Heres the thing, "they" say that it takes like 1/2 the time of the entire relationship to get over someone. Some even say the number of months you were together, it'll take that many weeks. And there are other sayings, but for me it's been a month shy of 2 years apart and we were only together a year. Why can't I move on?
I'm not the only one tho, so you'd think my logic would assess the situation and simply shut my feelings down knowing my feelings aren't unique.
The thing is, everytime I tell myself I'm no different than any other girl... someone comes and tells me he has never cared for a girl like he does me. That he acts so different with me compared to the others.
As soon as I tell myself he doesn't care for me as deep as I believe or others say, he comes to me desiring to take care of me and he doesn't know why.
I have all these "as soon as I tell myself..." and "everytime..." with something to backfire it so I can't move on. Its kinda to much of those tho. Why can't I just simply settle on moving on?
And whats his dilemma? WHY does he want so bad to take care of me?
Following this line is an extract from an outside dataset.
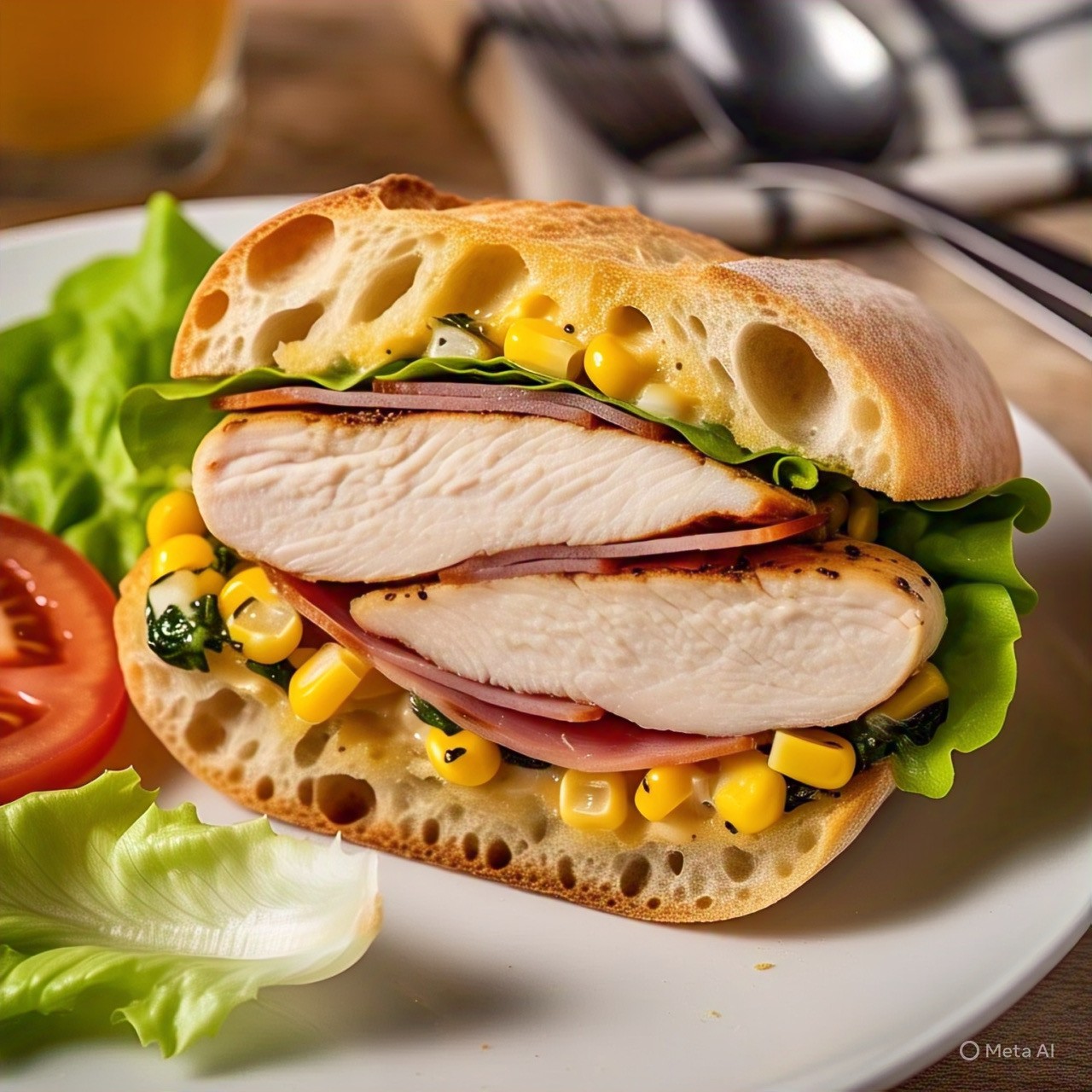 Delicioso pan artellano tostado a la parrilla, relleno de jamón premium, queso americano y maíz, lechuga, tomate, cebolla y nuestra especial salsa de la casa.

WHY does he tell me he loves me, and doesn't back it up with "like a friend" or something? WHY does he hold me when I cry? WHY does he listen to my problems and try to solve them? WHY does he miss me when I'm gone?
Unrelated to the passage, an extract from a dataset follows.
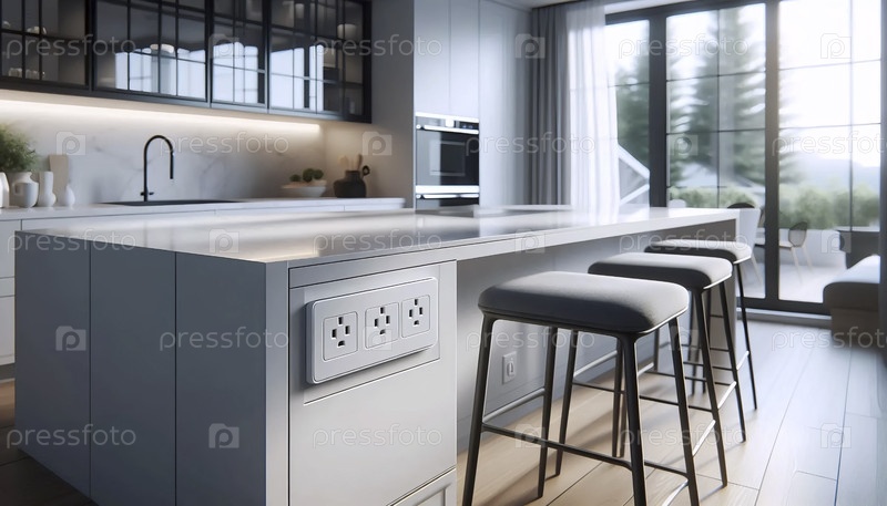 Кухня с скрытыми всплывающими розетками, Ai generated image

So many WHY!?s with no answers. I ask him these and he doesn't even know. How does he not know?
He says he's over me, but he doesn't know why he cares for me and wants to take care of me. He's dating other people, and I kinda am too. He's desperately seeking someone he can marry, while he takes care of me. He's so confusing. So very confusing. No wonder I'm stuck... I wish he'd just stop caring about me! I wish he'd just stop taking care of me! UG!
Maybe I'm the one who needs to stop letting him take care of me. I tried it, I ignored him for awhile but he returned, texting for my attention. Then after a couple weeks I told him we couldn't be friends and why. So we weren't, then a gal lead him back into my life and we again picked up as friends. We've had so much fun. But... I don't know. He's become my best friend and so it's very frustrating that it won't become more again. That our past destroyed a future. Well that his ex's and poor decisions destroyed our future.
Guess we never really had a chance tho. I never got to see what we could have been with out his ex's having attitudes about us being together, without dealing with them still wanting him. I never saw what could have been and never will. So I'm left to regret which is such a rarity for me that I do not know how to handle it. I do not know where to go from here. What steps forward to take to move beyond the regret. Cuz it's not like I'll ever get a 2nd chance.
Oh sigh, but could I? This is what my heart crys out and my heart screams louder than my head. I'm torn and wish my heart and head could line up.
"It's amazing how much damage can be done when you have nothing but good intentions."
My heart means well, I think I'm trying to help that I'm making things better and yet somehow it all goes down hill.
Oh sigh, but could I? This is what my heart crys out and my heart screams louder than my head. I'm torn and wish my heart and head could line up.